◆ YOUR TASK: Without pictures, output exactly the lines running from the line containing "四川大学2024年11月4日-10日学术讲座及校园文化预告" to the end of the listing below.

◆ DATA BELOW:
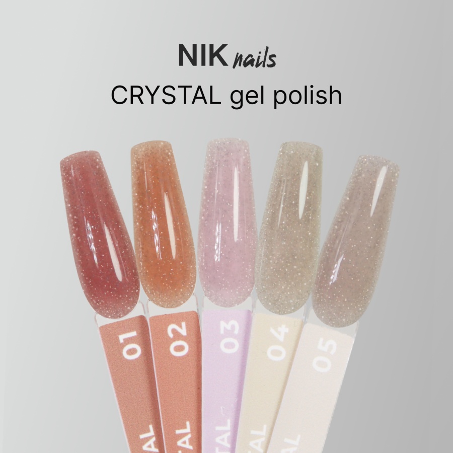 Коллекция гель-лаков Crystal состоит из нюдовых оттенков, пронизанных светоотражающими частицами.
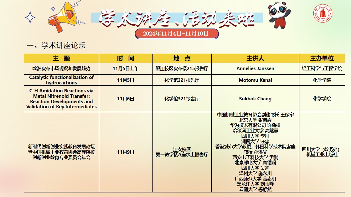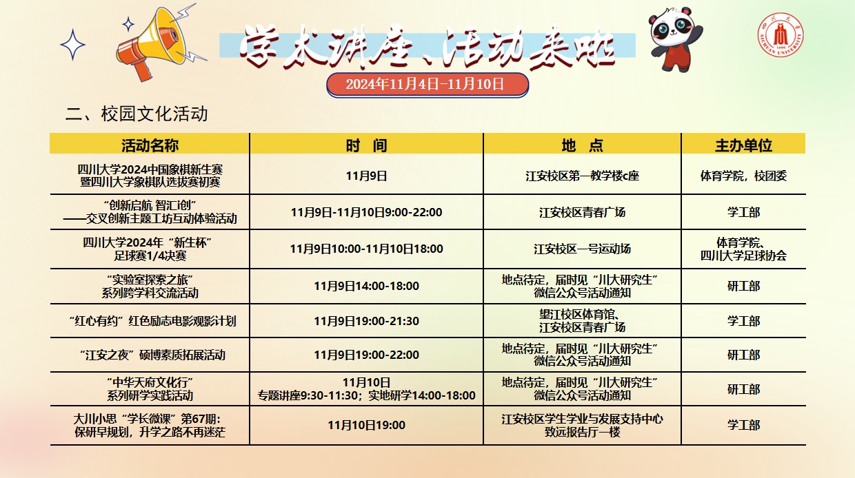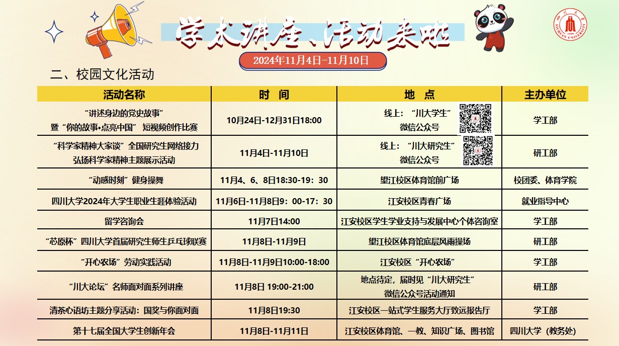 四川大学2024年11月4日-10日学术讲座及校园文化预告
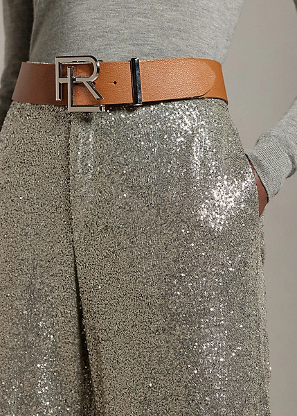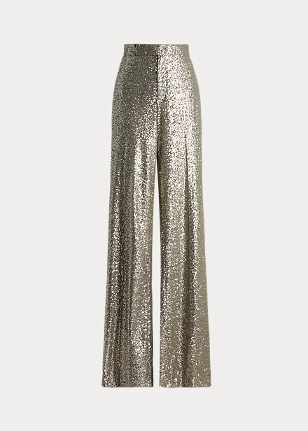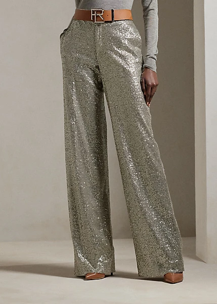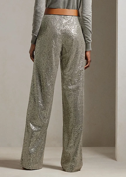 Nouveauté de la nouvelle saison, le modèle Welles revisite le pantalon sans pinces avec la touche luxueuse de Ralph Lauren Collection. Dotée d’une taille mi-haute et d’une silhouette large, cette pièce se distingue par sa confection en sequins étincelants, qui s’intègre à l’élégante palette de tons gris de la saison.

◆ ANSWER TO THE EXERCISE:
 四川大学2024年11月4日-10日学术讲座及校园文化预告
 Nouveauté de la nouvelle saison, le modèle Welles revisite le pantalon sans pinces avec la touche luxueuse de Ralph Lauren Collection. Dotée d’une taille mi-haute et d’une silhouette large, cette pièce se distingue par sa confection en sequins étincelants, qui s’intègre à l’élégante palette de tons gris de la saison.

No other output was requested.